### EXERCISE REQUIREMENTS:
In the entries below, which lines run from the one with "وكانت المغنية الكندية" through the one with "4月1日,运动员在冰壶项目测试活动中。"? Repeat exactly those, both included, and no pictures.

### RECORD SET:
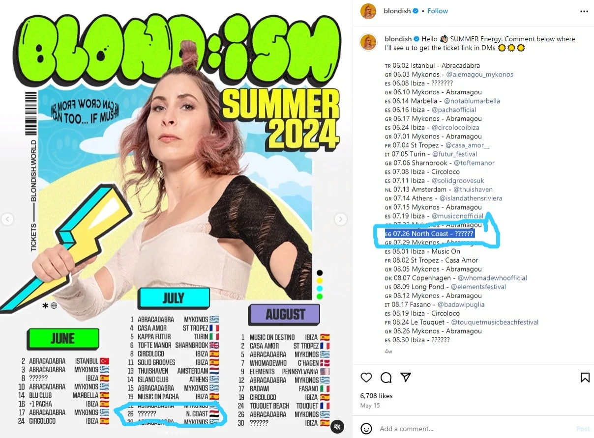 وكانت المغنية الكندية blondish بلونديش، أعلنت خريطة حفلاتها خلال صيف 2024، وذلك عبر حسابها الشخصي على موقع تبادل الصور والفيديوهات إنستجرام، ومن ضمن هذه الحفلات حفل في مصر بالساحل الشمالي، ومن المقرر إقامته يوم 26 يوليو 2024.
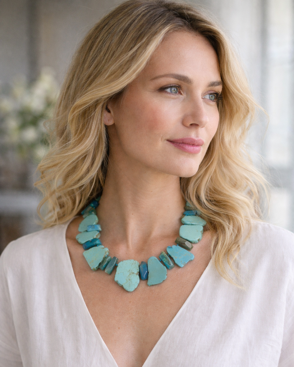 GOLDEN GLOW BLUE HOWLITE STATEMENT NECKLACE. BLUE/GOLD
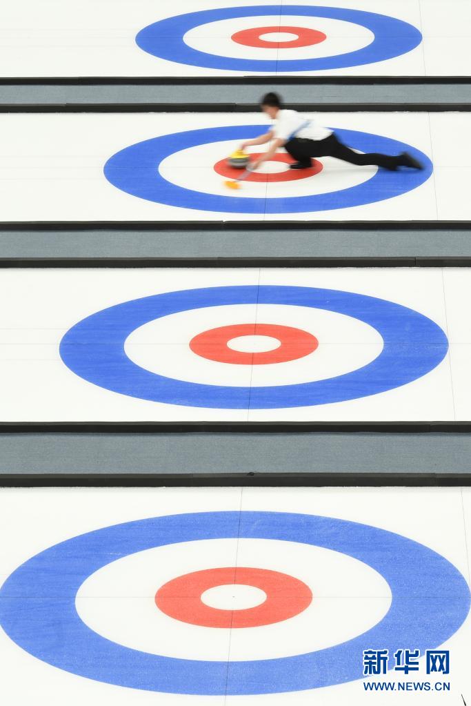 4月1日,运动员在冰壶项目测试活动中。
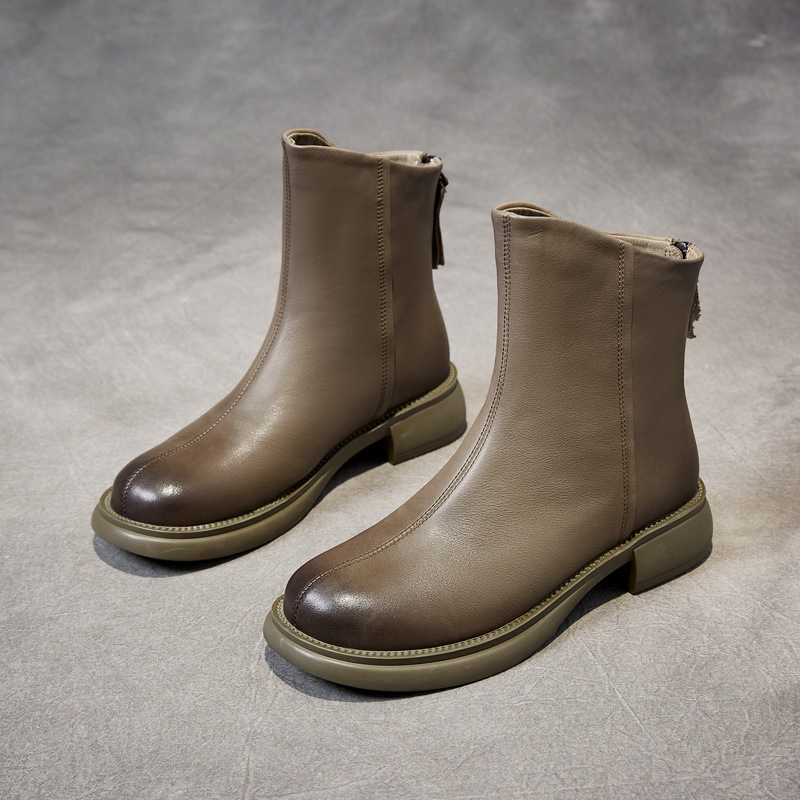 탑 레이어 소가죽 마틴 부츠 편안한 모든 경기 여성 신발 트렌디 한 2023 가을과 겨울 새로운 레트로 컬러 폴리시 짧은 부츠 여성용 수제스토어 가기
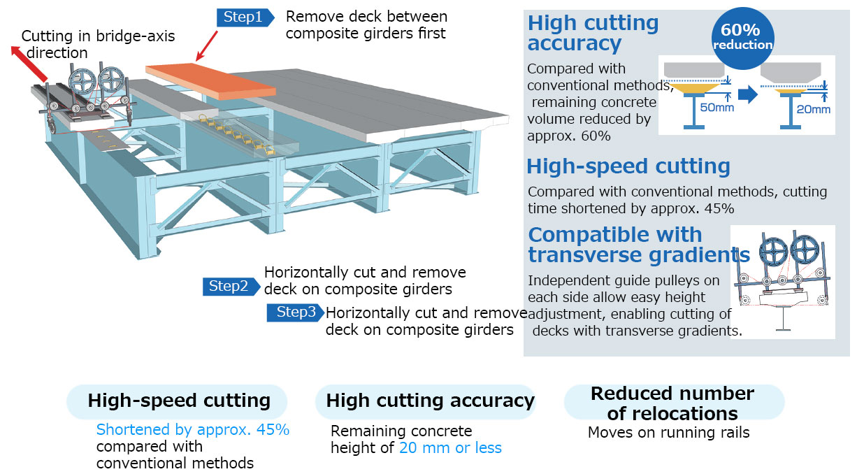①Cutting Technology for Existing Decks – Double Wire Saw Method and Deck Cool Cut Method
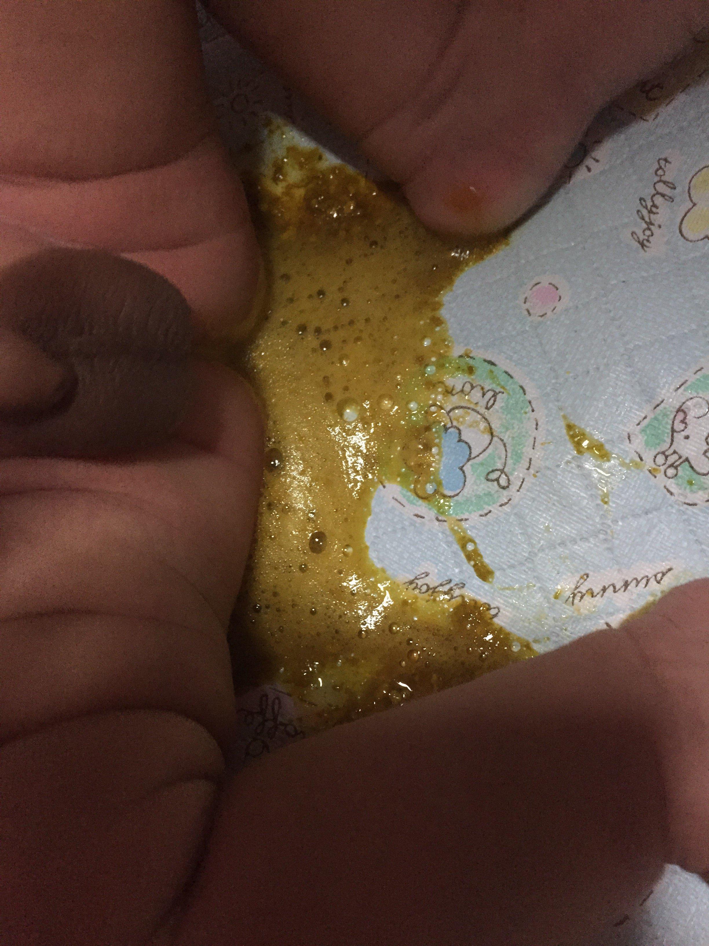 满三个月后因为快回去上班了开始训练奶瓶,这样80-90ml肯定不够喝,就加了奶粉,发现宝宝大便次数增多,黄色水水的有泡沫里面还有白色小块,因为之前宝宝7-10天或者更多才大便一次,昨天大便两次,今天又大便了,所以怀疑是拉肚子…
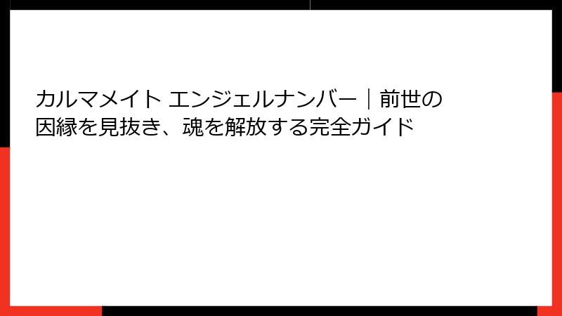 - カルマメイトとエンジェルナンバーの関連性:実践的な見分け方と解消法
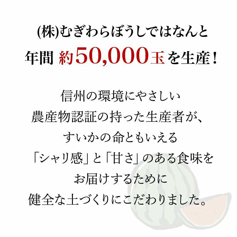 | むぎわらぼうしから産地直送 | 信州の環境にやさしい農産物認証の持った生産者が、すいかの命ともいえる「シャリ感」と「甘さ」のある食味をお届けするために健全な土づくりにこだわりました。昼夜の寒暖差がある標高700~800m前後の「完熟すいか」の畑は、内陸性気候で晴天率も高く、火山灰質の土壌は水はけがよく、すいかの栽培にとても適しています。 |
* * *
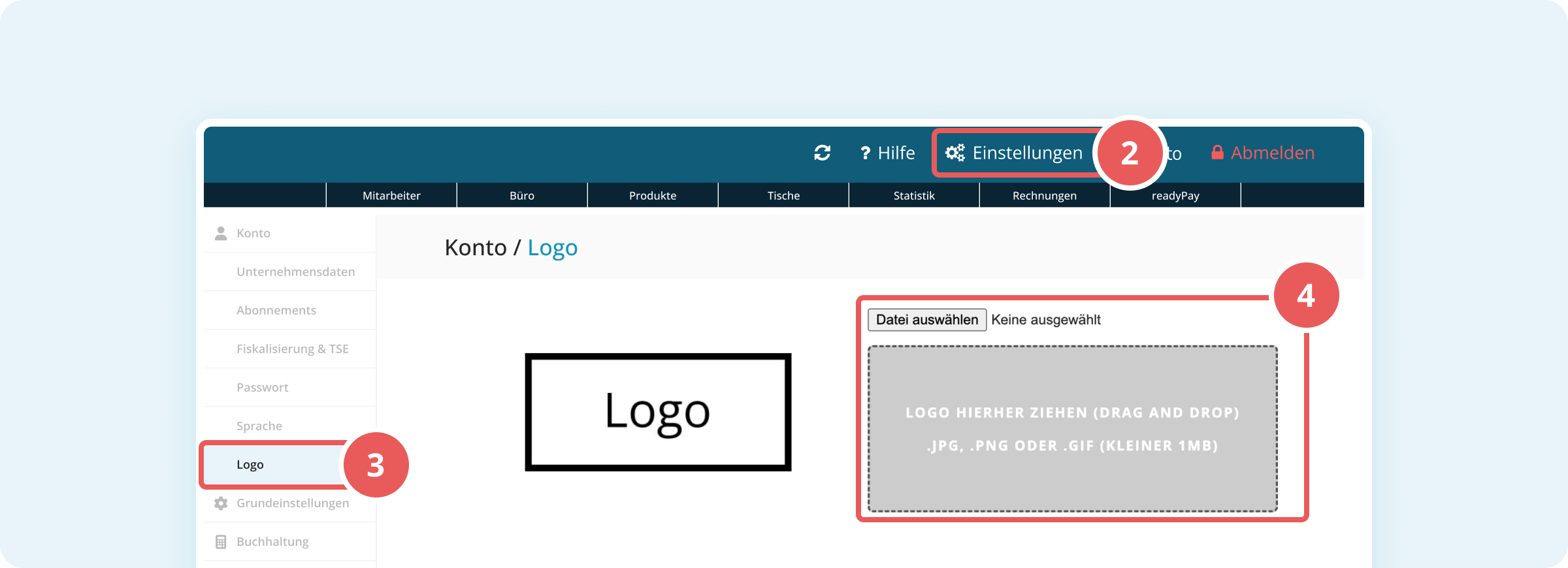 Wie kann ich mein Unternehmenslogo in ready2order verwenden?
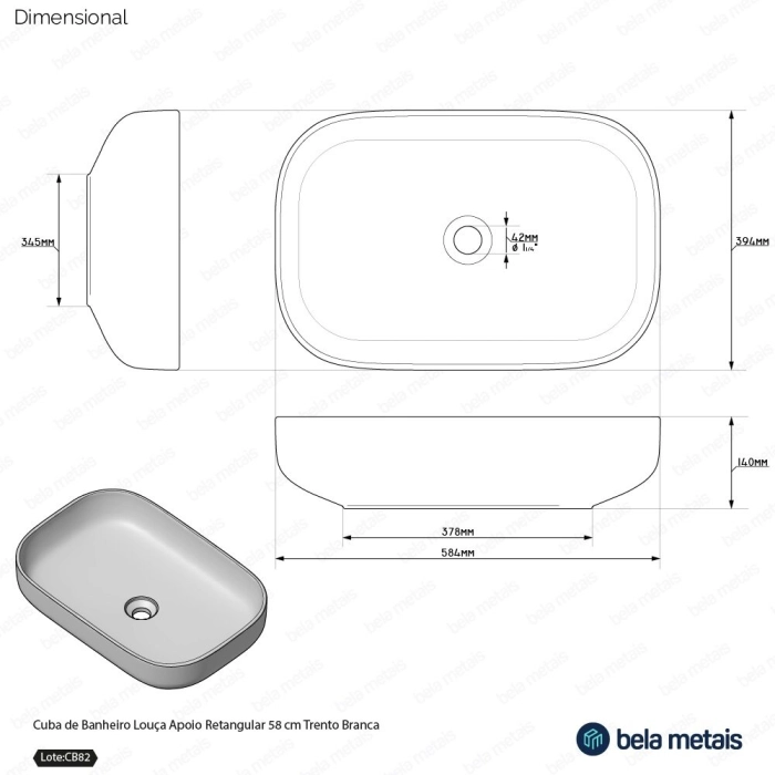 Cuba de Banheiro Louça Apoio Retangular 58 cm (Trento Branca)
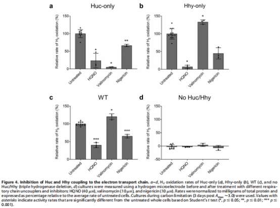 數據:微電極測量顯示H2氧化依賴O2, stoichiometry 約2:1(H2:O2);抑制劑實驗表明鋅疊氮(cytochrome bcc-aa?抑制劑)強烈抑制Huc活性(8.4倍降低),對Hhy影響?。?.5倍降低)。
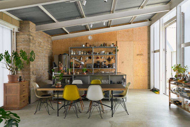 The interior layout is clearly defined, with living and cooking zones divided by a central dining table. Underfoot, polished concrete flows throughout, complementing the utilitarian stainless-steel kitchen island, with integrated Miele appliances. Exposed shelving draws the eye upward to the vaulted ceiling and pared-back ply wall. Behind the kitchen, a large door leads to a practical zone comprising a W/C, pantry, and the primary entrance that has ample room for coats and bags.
--
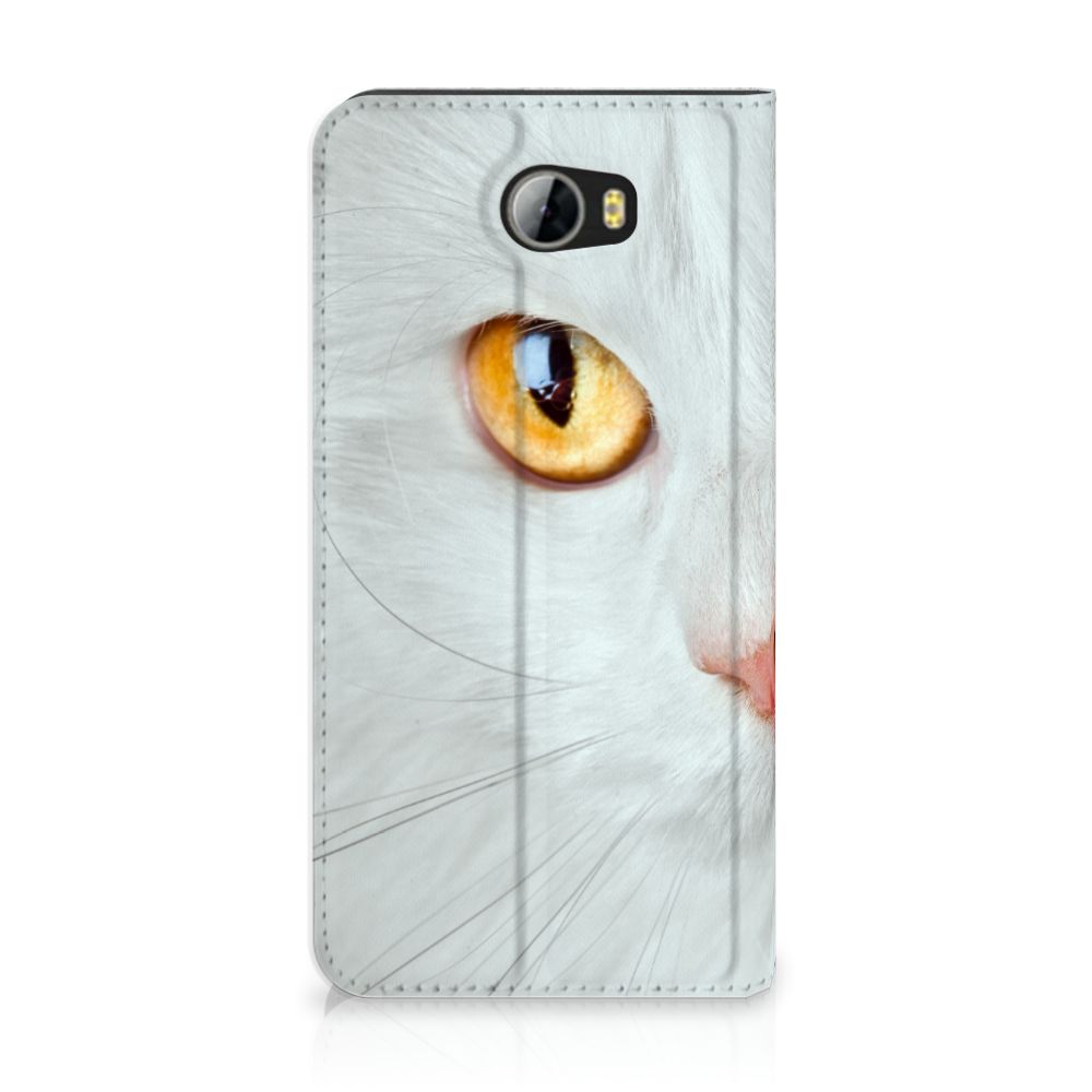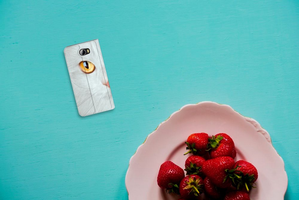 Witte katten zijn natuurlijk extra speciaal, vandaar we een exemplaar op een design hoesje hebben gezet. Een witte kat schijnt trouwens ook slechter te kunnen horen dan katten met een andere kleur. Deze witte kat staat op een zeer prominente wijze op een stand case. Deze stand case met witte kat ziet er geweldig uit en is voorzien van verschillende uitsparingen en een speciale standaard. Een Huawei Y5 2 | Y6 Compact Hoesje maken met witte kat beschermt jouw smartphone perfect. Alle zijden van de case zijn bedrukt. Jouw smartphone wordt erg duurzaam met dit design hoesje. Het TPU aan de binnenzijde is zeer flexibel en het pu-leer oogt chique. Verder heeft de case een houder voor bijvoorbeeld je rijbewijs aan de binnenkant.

### SOLUTION FOR THIS PROBLEM:
 وكانت المغنية الكندية blondish بلونديش، أعلنت خريطة حفلاتها خلال صيف 2024، وذلك عبر حسابها الشخصي على موقع تبادل الصور والفيديوهات إنستجرام، ومن ضمن هذه الحفلات حفل في مصر بالساحل الشمالي، ومن المقرر إقامته يوم 26 يوليو 2024.
 GOLDEN GLOW BLUE HOWLITE STATEMENT NECKLACE. BLUE/GOLD
 4月1日,运动员在冰壶项目测试活动中。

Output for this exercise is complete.